**MATERIAL FOR THIS EXERCISE**
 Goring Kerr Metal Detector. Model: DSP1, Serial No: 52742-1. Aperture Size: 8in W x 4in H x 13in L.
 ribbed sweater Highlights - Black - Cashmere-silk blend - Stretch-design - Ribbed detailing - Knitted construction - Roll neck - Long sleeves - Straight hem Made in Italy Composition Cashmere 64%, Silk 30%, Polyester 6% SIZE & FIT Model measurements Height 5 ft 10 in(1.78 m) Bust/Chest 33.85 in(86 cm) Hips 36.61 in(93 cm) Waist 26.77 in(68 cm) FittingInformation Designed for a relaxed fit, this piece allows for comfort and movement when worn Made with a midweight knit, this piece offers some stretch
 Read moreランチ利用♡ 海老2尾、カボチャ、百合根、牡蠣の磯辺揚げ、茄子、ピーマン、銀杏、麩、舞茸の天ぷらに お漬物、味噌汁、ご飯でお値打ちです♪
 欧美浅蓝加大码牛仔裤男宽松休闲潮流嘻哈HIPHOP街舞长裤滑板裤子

...

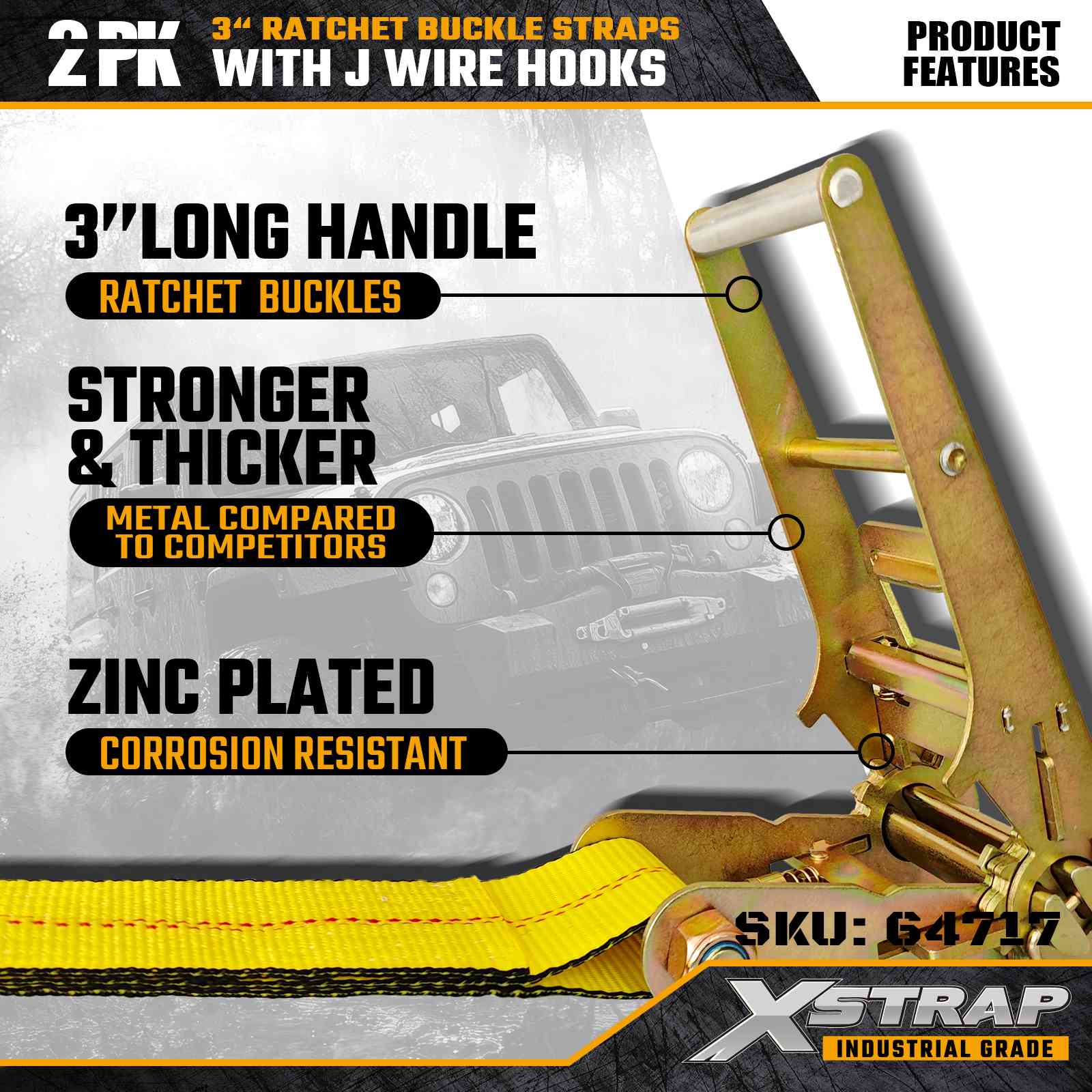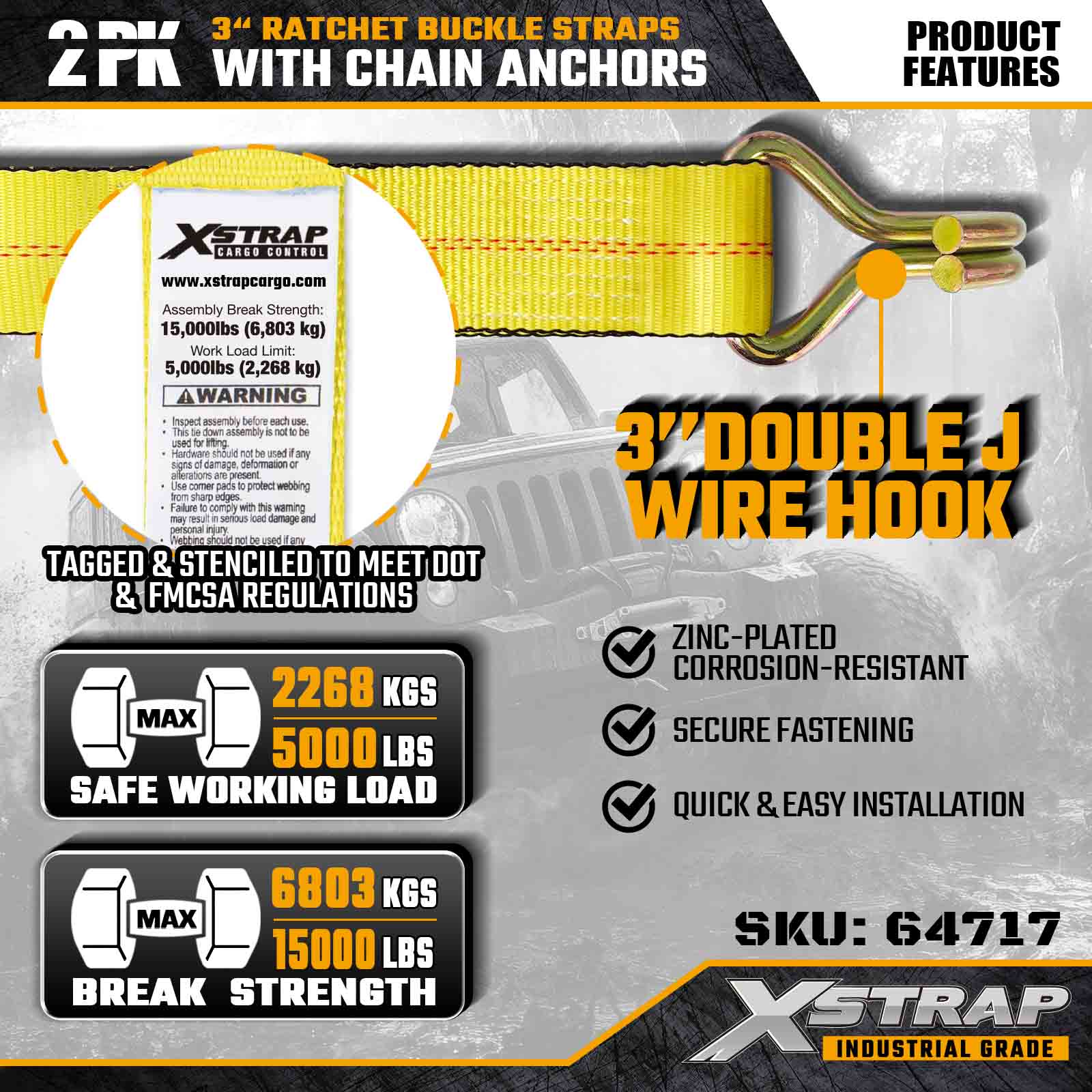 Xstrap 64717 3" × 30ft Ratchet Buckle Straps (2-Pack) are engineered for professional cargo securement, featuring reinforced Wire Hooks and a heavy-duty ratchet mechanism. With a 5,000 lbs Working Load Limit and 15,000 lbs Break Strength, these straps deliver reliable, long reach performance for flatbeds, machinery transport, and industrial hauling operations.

...

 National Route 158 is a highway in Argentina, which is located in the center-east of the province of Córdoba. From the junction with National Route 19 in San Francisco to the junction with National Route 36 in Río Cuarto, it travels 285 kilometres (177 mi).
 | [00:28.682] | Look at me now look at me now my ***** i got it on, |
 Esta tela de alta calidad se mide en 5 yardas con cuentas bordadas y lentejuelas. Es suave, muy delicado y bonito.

**WHAT IS BEING ASKED**
Provide only the number of lines in the entries that hold the word "Model".

**YOUR RESPONSE**
2